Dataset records
- - - - - - -

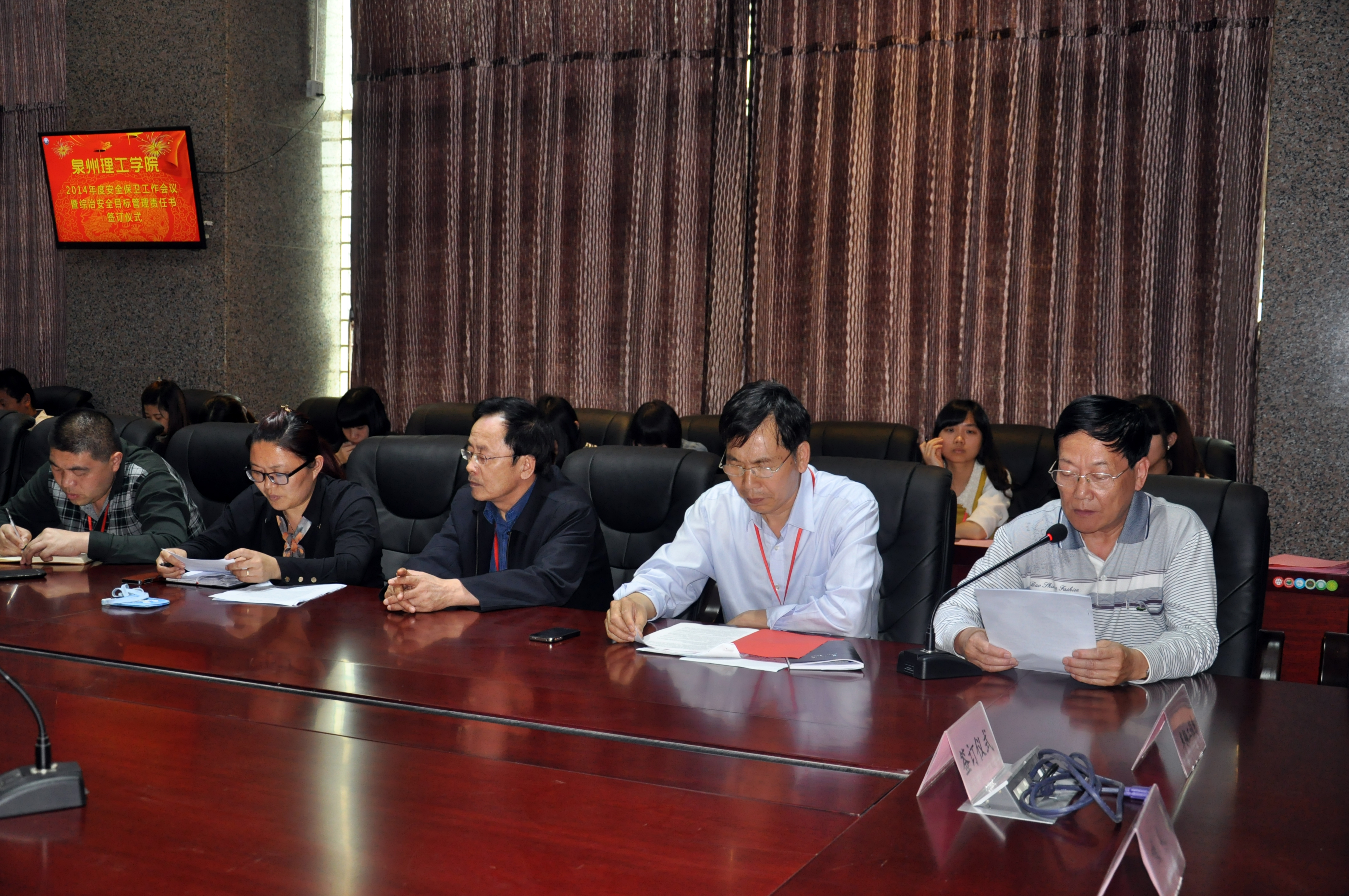 4月29日下午,我校2014年度安全保卫工作会议暨综治安全目标管理责任书签订仪式。出席签订仪式的有党委副书记黄志梅、副校长庄文瑞等领导以及相关各部门负责人。 会上,庄副校长就2013年度校园安全工作做了总结。他...
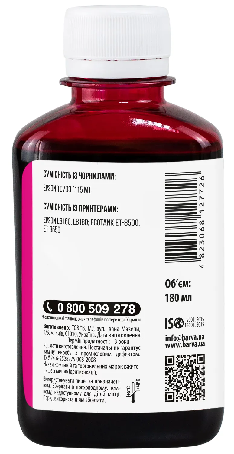 Украинская компания ООО «В.М.» занимается производством чернил под торговой маркой Barva уже много лет. На базе собственной лаборатории осуществляется как разработка новых формул, так и непрерывный контроль качества выпускаемой продукции. При производстве чернил производитель следует стандартам ISO 9001:2015 и ISO 14001:2015.
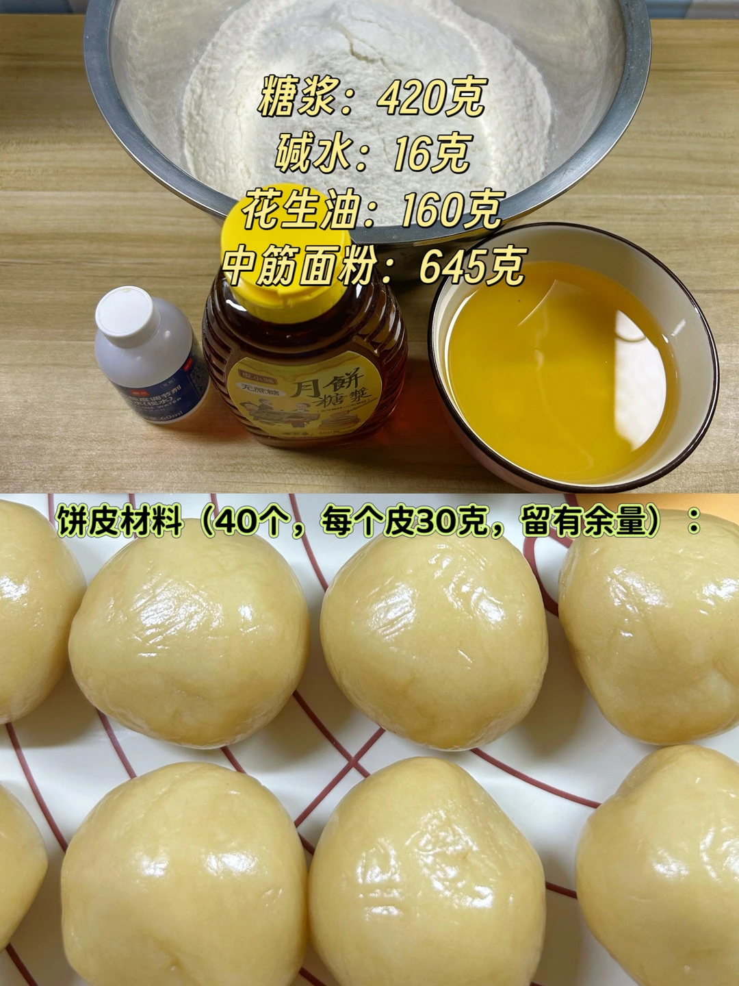 • 粘合料:玉米糖浆80g、花生油80g、食盐10g、莲蓉馅500g(中和甜度超关键)
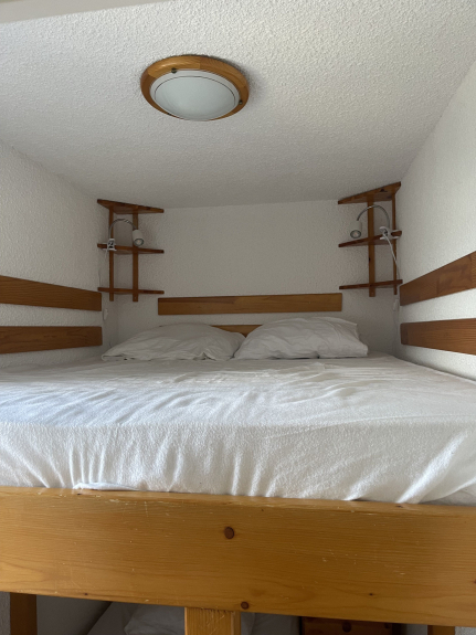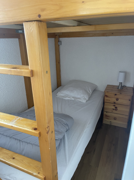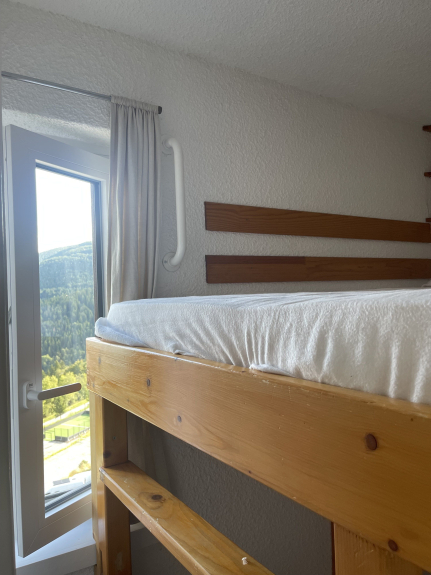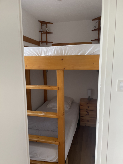 Le coin nuit avec fenêtre est équipé d'un lit mezzanine de deux places (140x190) superposé et d'un lit d'une personne (90x190). Ce coin montagne est indépendant et séparé de la pièce de vie par une porte.
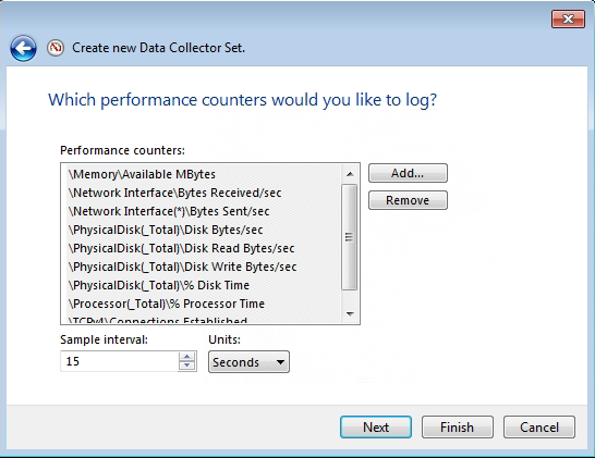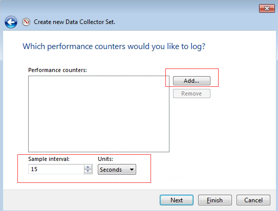 - Adjust the collection Sample interval, and click Add to add a performance counter.
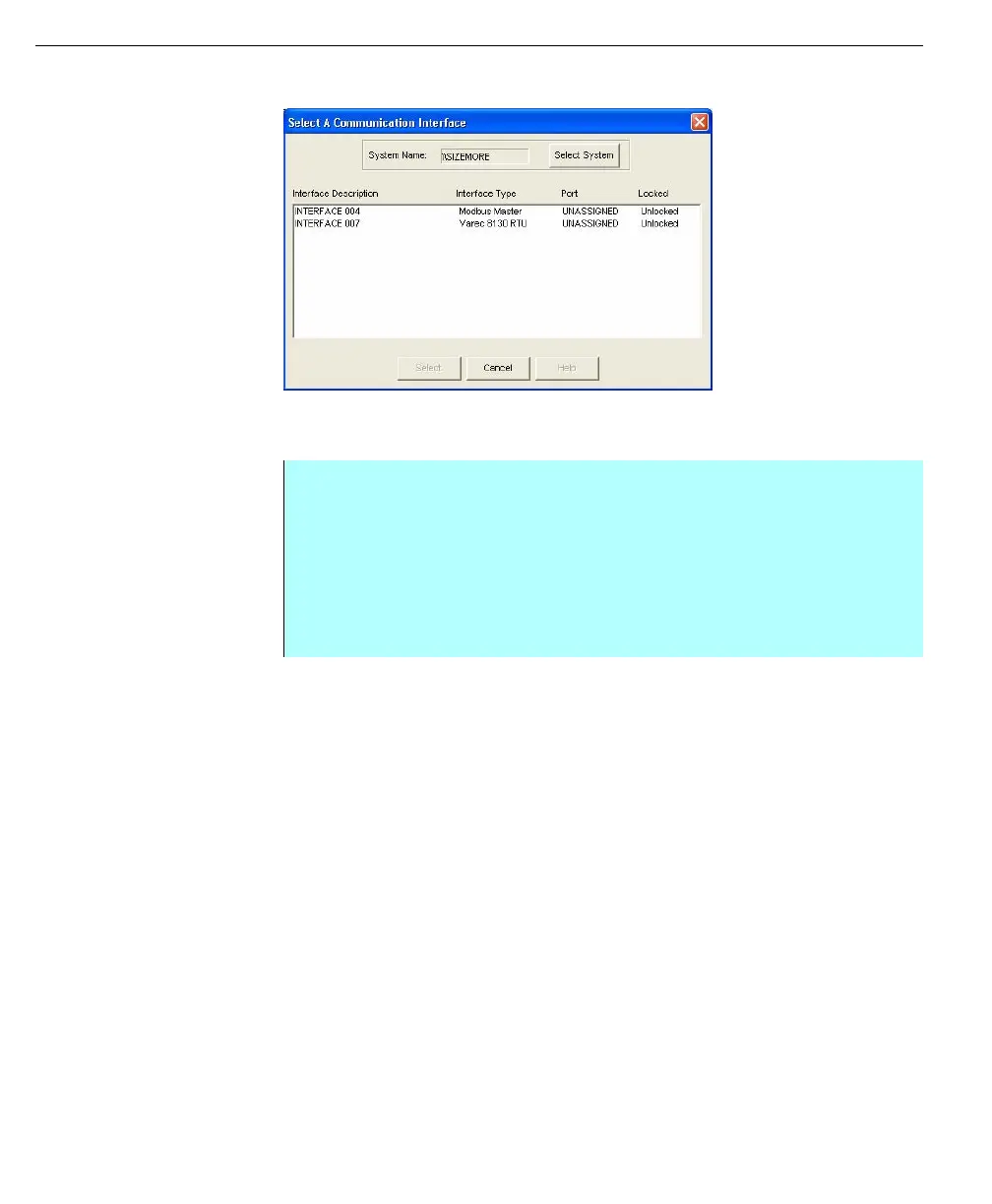 • Click Comm. The Select a Communication Interface dialog box appears and

- - - - - - -

The answer is the records above, repeated exactly, with no picture in it.

▶ [Response area]
 4月29日下午,我校2014年度安全保卫工作会议暨综治安全目标管理责任书签订仪式。出席签订仪式的有党委副书记黄志梅、副校长庄文瑞等领导以及相关各部门负责人。 会上,庄副校长就2013年度校园安全工作做了总结。他...
 Украинская компания ООО «В.М.» занимается производством чернил под торговой маркой Barva уже много лет. На базе собственной лаборатории осуществляется как разработка новых формул, так и непрерывный контроль качества выпускаемой продукции. При производстве чернил производитель следует стандартам ISO 9001:2015 и ISO 14001:2015.
 • 粘合料:玉米糖浆80g、花生油80g、食盐10g、莲蓉馅500g(中和甜度超关键)
 Le coin nuit avec fenêtre est équipé d'un lit mezzanine de deux places (140x190) superposé et d'un lit d'une personne (90x190). Ce coin montagne est indépendant et séparé de la pièce de vie par une porte.
 - Adjust the collection Sample interval, and click Add to add a performance counter.
 • Click Comm. The Select a Communication Interface dialog box appears and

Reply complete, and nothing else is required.